4ward365.admin@yourdomain.onmicrosoft.com

Without that exception policy, your CoreView tenant won’t be able to open any management session.

Please also mind your Hybrid Connector IP address could be behind a NAT applied by your network gateway for connecting to public networks such as the Internet. We recommend checking with your network specialist to identify your public IP address used by your on-premises for connecting to the public networks.
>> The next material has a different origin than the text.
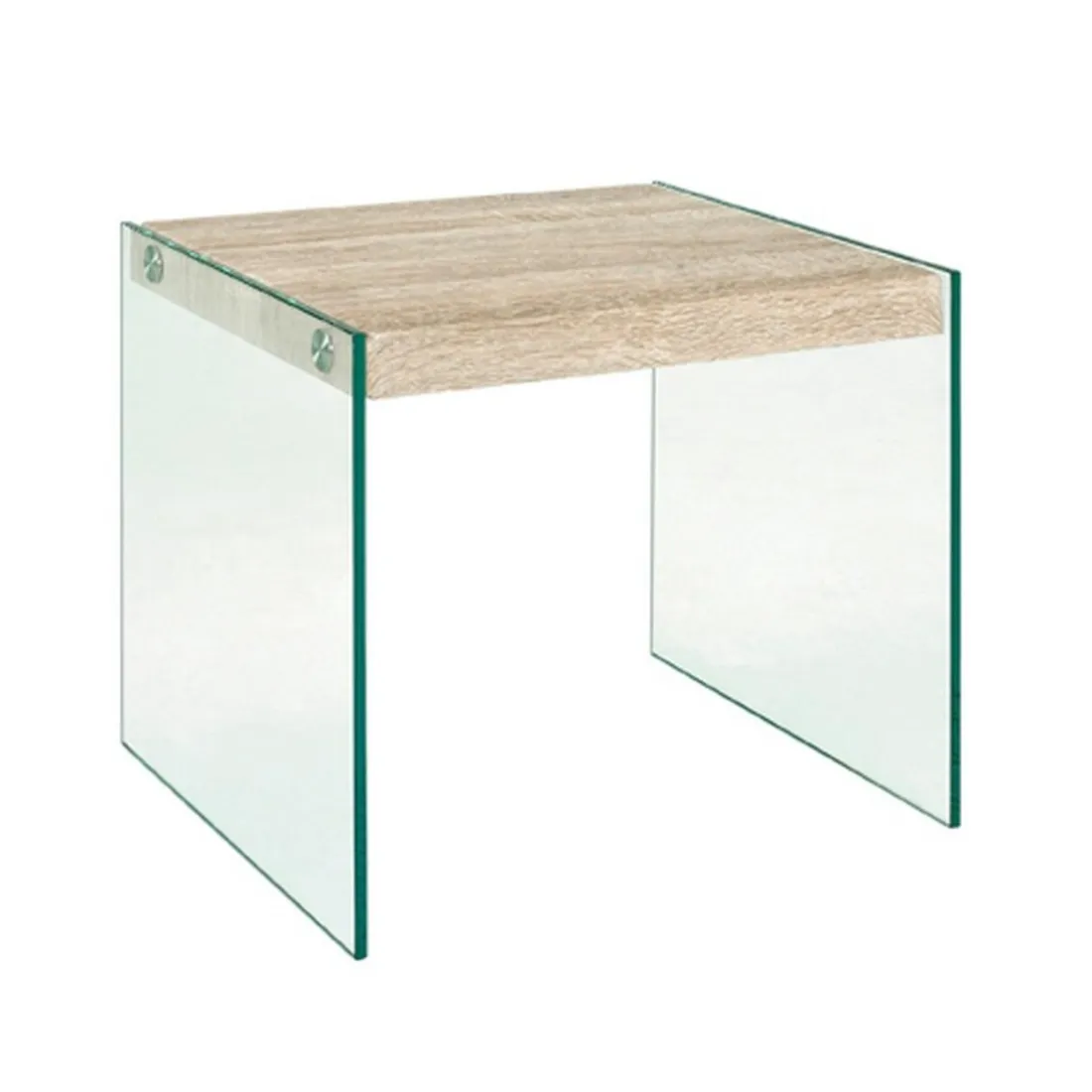 Caractéristiques Table d’appoint en verre avec plateau décor chène

For more information about conditional access exception policy, please refer to the Microsoft documentation.


Security requirements

The following security requirements apply to CoreView’s on-premises functionality:

Type Minimum Permissions
CoreView Configuration Tenant Admin
Hybrid Agent Deployment Local or Domain Administrator
Active Directory Service Account Domain Administrator (**)
Exchange Service Account Organization Administrator Role
Exchange PowerShell Virtual Directory  Set to Basic or Integrated Authentication (*)

(*) Important note about Exchange Virtual Directory configuration:

There are two methods for configuring authentication when setting up the PowerShell virtual directory for remote access. If Basic authentication is enabled, SSL must also be enabled and configured with a valid public certificate.  

(**) If your company has security policies that don't allow setting service accounts with domain admin permission, please refer to the chapter “Hardening CoreView Hybrid Connector service accounts’ permissions” below.

If SSL is not enabled, then Windows Authentication should be set. In this scenario, you must configure gMSA for the Hybrid Connector hosting server and configure your CoreView Hybrid Connector to support the gMSA settings.

For more information about the settings of Exchange Powershell virtual directory refer to the Microsoft documentation.


Software requirements

The following software requirements apply to CoreView’s on-premises functionality:

Software or Services Minimum Requirements
CoreView SaaS Solution SKUs CoreSuite, ONPREM SKU, OS2019 SKU
CoreView Hybrid Agent Version > 1.0.6
Docker Version See chapter below

Docker engine installation

Please refer to the Microsoft documentation for the instructions to deploy docker service in your hosting server.

Please note that proceeding with this operation will trigger an automatic server reboot.